The Pink Box and the Weekly Flavor Drop

While McGowan engineered the back end, Hemsley made the brand decisions that would define Crumbl. The pink packaging was inspired by a family friend's 1959 Cadillac — an odd choice that set them apart. The weekly rotating menu, which drops every Sunday night, was borrowed from streetwear culture and designed to generate FOMO. Some flavors were polarizing on purpose: everything bagel cookies, cornbread cookies, blue icy raspberry. They didn't just want to sell cookies — they wanted to start conversations.

Crumbl didn't take outside capital. The franchise model, where franchisees funded their own locations, meant they didn't need it. By 2022, the company hit $1 billion in annual sales, entirely self-funded.

TikTok Before Most Food Brands Knew the Platform Existed

Crumbl went heavy on TikTok in 2018, before most food brands had a social media strategy. They championed customer review videos, reposted them in-store, and even posted their own negative reviews to prove they weren't afraid of honest feedback. The result: more TikTok followers than Starbucks, Domino's, and Taco Bell combined.

The Cookie Wars and What Comes Next

Rapid growth attracted copycats. Crumbl sued Crave Cookies and Dirty Dough over trade secret theft and brand imitation, settling with Dirty Dough and dropping the Crave case by mutual agreement.
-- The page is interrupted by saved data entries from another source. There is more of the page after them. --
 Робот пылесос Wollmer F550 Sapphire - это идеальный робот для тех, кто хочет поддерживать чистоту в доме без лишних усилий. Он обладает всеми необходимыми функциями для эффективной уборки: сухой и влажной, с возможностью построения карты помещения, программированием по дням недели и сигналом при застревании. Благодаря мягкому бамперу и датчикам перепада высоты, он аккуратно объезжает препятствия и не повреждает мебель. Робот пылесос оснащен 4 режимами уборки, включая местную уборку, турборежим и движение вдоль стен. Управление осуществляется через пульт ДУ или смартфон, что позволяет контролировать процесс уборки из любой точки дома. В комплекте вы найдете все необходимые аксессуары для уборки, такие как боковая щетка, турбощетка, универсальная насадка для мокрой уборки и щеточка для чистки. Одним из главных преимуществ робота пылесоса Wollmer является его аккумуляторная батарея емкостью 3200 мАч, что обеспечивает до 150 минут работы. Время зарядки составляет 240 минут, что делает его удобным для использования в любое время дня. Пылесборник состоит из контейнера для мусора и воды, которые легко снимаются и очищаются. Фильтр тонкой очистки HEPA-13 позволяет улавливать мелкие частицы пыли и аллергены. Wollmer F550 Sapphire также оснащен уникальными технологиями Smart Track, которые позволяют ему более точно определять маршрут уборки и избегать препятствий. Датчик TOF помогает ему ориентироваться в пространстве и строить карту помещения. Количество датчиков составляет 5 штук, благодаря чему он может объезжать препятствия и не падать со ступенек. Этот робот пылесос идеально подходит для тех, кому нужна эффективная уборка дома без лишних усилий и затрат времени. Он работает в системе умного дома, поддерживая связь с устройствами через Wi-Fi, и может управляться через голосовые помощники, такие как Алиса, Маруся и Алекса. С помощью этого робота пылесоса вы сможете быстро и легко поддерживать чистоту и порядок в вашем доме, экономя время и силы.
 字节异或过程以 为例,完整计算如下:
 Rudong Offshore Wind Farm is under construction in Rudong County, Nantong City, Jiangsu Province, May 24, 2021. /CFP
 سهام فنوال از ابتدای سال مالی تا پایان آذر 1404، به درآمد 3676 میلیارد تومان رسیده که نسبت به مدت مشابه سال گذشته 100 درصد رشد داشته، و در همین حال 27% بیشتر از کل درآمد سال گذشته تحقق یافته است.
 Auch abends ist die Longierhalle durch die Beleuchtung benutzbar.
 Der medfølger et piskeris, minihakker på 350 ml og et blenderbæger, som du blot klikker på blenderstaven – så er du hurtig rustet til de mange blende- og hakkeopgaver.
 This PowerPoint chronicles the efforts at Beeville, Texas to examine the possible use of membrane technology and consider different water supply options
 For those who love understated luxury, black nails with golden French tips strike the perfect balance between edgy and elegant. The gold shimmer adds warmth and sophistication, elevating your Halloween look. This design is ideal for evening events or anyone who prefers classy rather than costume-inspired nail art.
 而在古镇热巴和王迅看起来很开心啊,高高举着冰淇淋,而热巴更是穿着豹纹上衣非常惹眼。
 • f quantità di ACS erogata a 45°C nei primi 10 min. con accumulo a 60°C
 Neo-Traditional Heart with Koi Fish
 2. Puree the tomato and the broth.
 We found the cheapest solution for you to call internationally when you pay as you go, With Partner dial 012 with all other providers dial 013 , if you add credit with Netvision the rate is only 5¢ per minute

By 2024, Crumbl had 1,071 locations and roughly $1.2 billion in annual revenue. But a 37% year-over-year sales drop led to a rebrand, a 10% corporate layoff, and the departure of the Chief Operating Officer. In early 2025, Crumbl explored a $2 billion sale before accepting a minority stake from TSG Consumer Partners and $500 million in loans from Blackstone and Golub Capital.

In May 2025, just months after this recording, McGowan and Hemsley announced they were stepping back from day-to-day operations to find a permanent CEO. The cookie company they built in a $900-a-month building now has a $2 billion valuation — and the two founders who started it with nothing but A/B testing and pink boxes are ready to hand over the keys.

Key Takeaways

  • 1A/B test before you launch: Jason McGowan crowdsourced the chocolate chip recipe through public taste tests and Twitter polls before Crumbl opened. Validate the core product publicly before you commit to a full rollout.
  • 2Design decisions compound: Sawyer Hemsley's pink packaging and Sunday-night flavor drops were small, specific choices that created a distinctive brand identity. Each one paid dividends across marketing, social media, and store design.
  • 3Franchise capital lets you scale without dilution: Crumbl hit $1 billion in sales without outside investors because franchisees funded their own locations. Growth is faster when the people building the stores have skin in the game.
  • 4Be on platforms before your category is: Crumbl invested in TikTok before most food brands knew the platform existed. First-mover advantage on emerging channels is worth more than any ad budget.
  • 5Hard decisions reveal your values: Saying no to Sunday operations cost Crumbl locations — but it protected the brand's identity and the team's relationship with franchisees. Growth at any cost is rarely the right growth rate.